** RECORDED INFORMATION **
━━━━━━━━━━

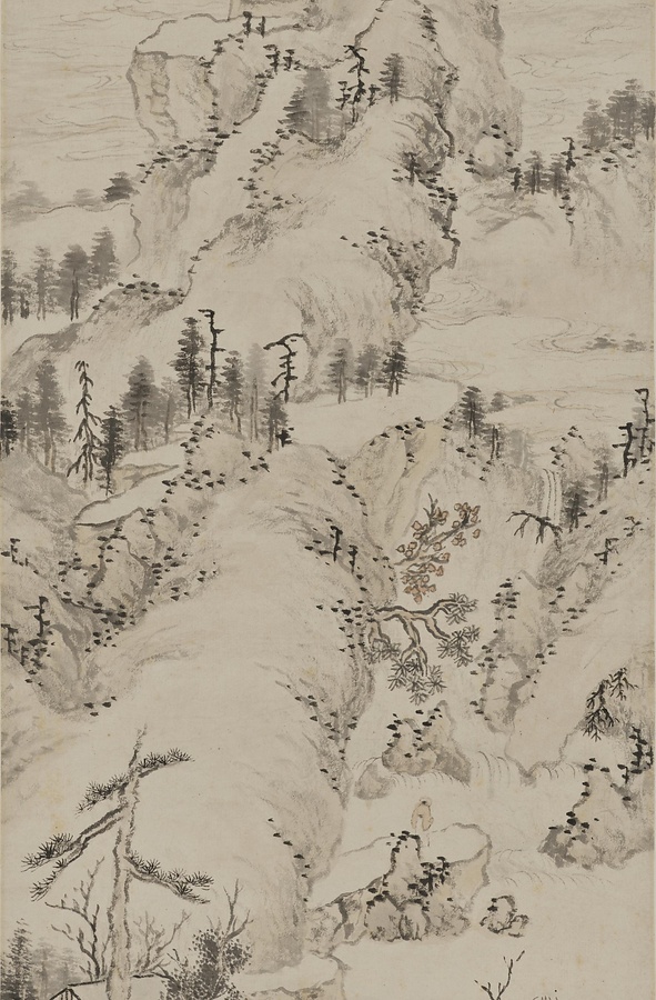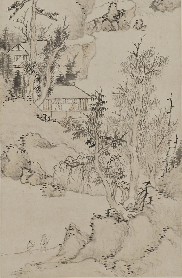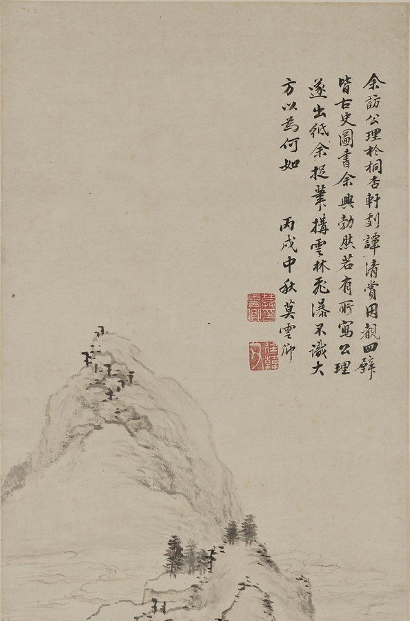 莫是龍は華亭@かてい@(上海市)出身の書家、画家、評論家。本作は公理@こうり@と呼ばれる人物の桐杏軒@とうきょうけん@を訪れ、興が乗って描いたという作品。やわらかい筆墨、繊細な淡彩、愛らしい画中人物に、文徴明画風の影響が見られます。
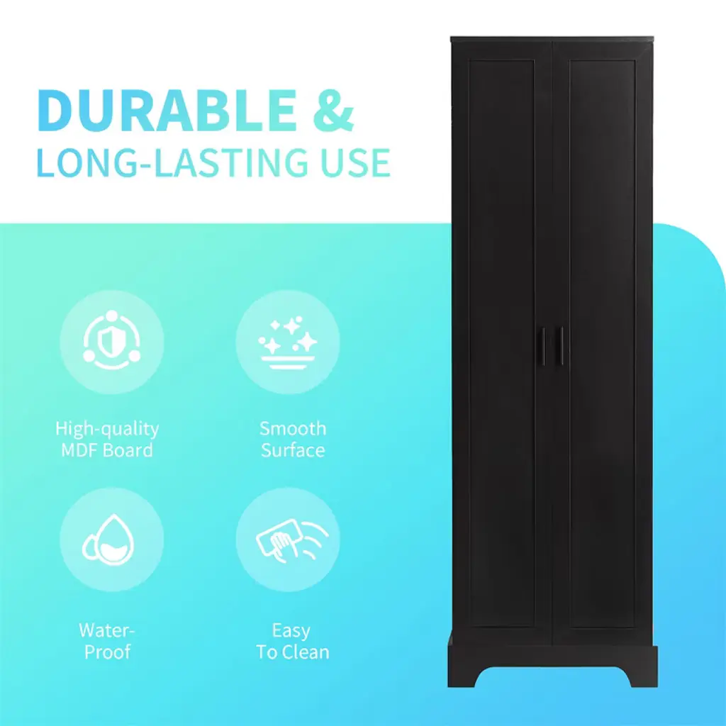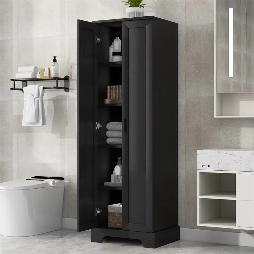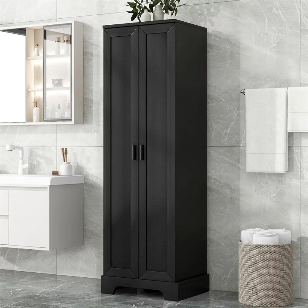 Xinghanzhenxuan Black Storage Cabinet With Two Doors For Bathroom, Office, Adjustable Shelf, Mdf Board
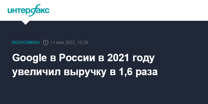 Google в России в 2021 году увеличил выручку в 1,6 раза
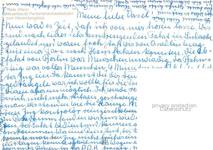 73142275 alte Postkarte Thale Harz Personenschwebebahn zum Hexentanzplatz postalisch gelaufen Erhaltung siehe scans [WerneD78] KatCode: 11110015085330

━━━━━━━━━━

** EXERCISE REQUIREMENTS **
Exactly the lines running from the one with "Xinghanzhenxuan Black Storage" through the end of the listing above must be output, both ends included. No pictures belong in the output.

** EXERCISE ANSWER **
 Xinghanzhenxuan Black Storage Cabinet With Two Doors For Bathroom, Office, Adjustable Shelf, Mdf Board
 Google в России в 2021 году увеличил выручку в 1,6 раза
 73142275 alte Postkarte Thale Harz Personenschwebebahn zum Hexentanzplatz postalisch gelaufen Erhaltung siehe scans [WerneD78] KatCode: 11110015085330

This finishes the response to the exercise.